History has shown that not every new manager will win, and logic dictates it’s impossible.

Ventura believes the pattern of hiring inexperienced managers ultimately will be just part of the normal cycle of baseball. When one of these teams moves in a different direction, it seems reasonable that the next manager would be someone with significant experience.

The White Sox regressed in 2013, finishing with 63 wins — their fewest in a full season since 1970. Matheny guided the Cardinals to 97 wins and a World Series appearance in his second year.

“We’ve had some success despite a lack of experience, so I think that’s probably a model,” Matheny said. “That was the hope when I was given this position, and I’m pretty sure these other organizations are thinking the same thing.”

That makes it hard to ever get complacent.

Price acknowledged that his weakness is in his experience. He doesn’t command respect like Ventura, a two-time all-star who won six Gold Gloves. He is not Williams, who played with Barry Bonds and Jeff Kent and Curt Schilling.

He was a nondescript, 27-year-old minor league pitcher who was recovering from two elbow surgeries, had never prepared a resume and couldn’t fathom a life without baseball. It was because of his naivete and his innocence that Price first turned to coaching.

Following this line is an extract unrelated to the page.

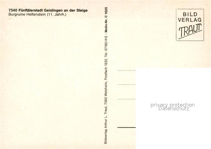 73267519 Geislingen Steige Burgruine Helfenstein postalisch nicht gelaufen Erhaltung siehe scans [WerneD78] KatCode: 11110008117024

“I was a minor-league pitcher,” Price said. “I understand what my strengths and weaknesses are but that room represents what I believe in, as far as the importance of character, the importance of accountability, the importance of being optimistic, the ability to be honest with the players and the ability to make yourself available on behalf of the players. This has to be a selfless position.”

Brian McNally and Mike Harris contributed to this report.